[WORK TO BE COMPLETED] Your reply should be the whole listing, copied exactly, with the pictures left out.

[SUPPLIED INFORMATION]

————————

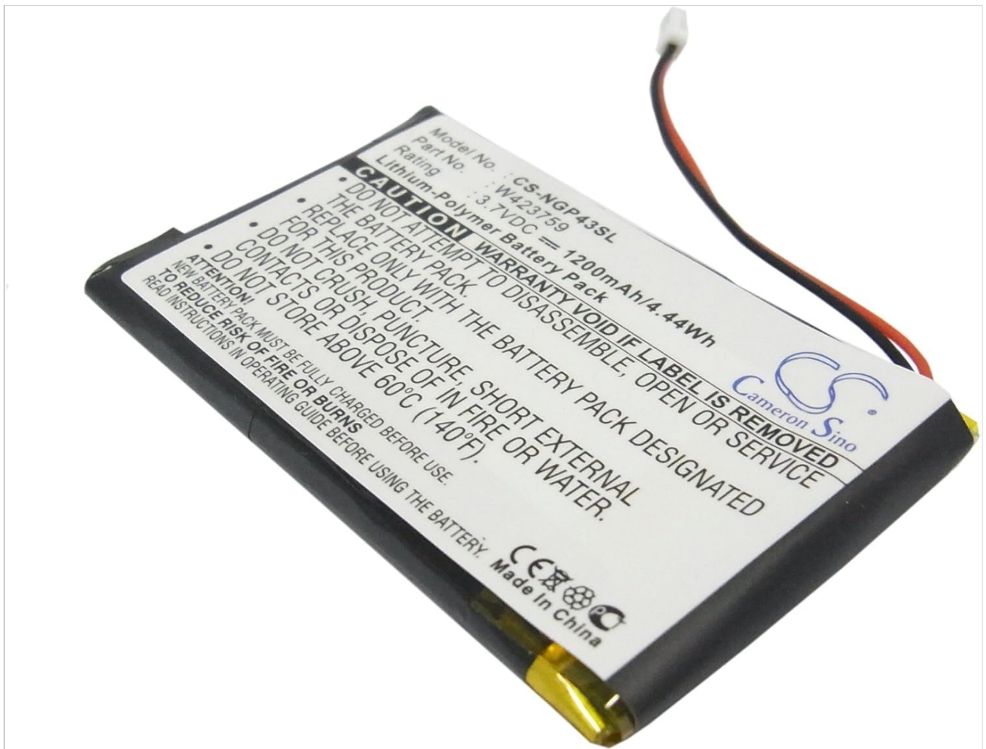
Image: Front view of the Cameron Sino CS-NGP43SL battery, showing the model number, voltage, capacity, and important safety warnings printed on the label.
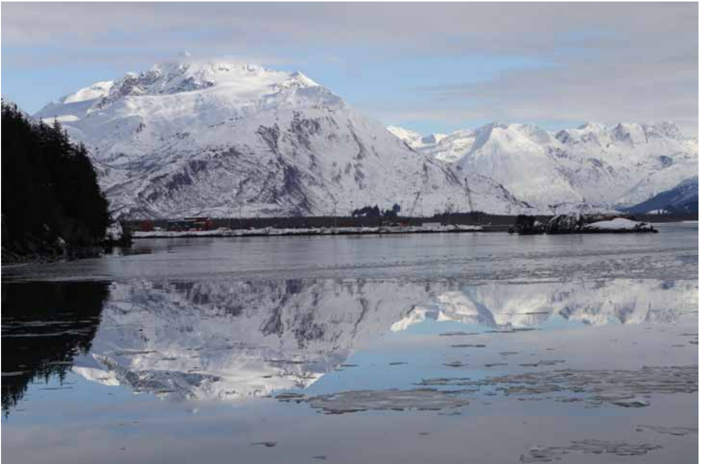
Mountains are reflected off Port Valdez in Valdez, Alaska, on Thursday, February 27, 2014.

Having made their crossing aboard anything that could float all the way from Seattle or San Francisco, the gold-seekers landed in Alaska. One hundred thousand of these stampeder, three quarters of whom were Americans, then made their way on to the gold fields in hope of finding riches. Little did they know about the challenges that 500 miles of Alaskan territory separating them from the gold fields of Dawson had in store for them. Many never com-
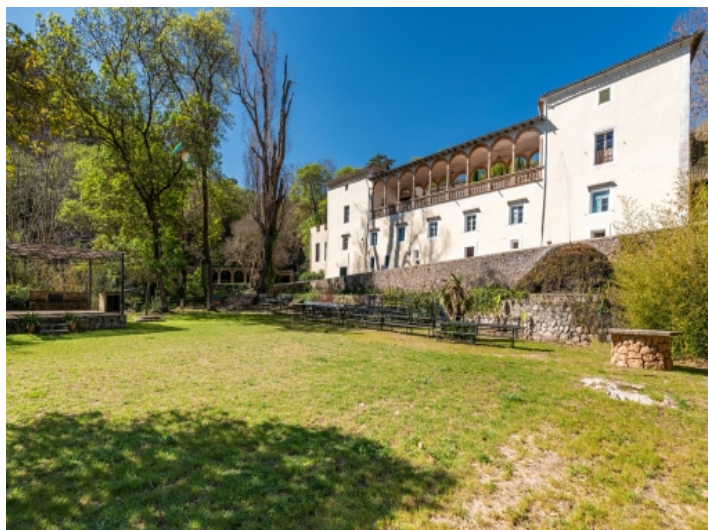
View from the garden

————————

[WRITTEN RESPONSE]
Image: Front view of the Cameron Sino CS-NGP43SL battery, showing the model number, voltage, capacity, and important safety warnings printed on the label.
Mountains are reflected off Port Valdez in Valdez, Alaska, on Thursday, February 27, 2014.

Having made their crossing aboard anything that could float all the way from Seattle or San Francisco, the gold-seekers landed in Alaska. One hundred thousand of these stampeder, three quarters of whom were Americans, then made their way on to the gold fields in hope of finding riches. Little did they know about the challenges that 500 miles of Alaskan territory separating them from the gold fields of Dawson had in store for them. Many never com-
View from the garden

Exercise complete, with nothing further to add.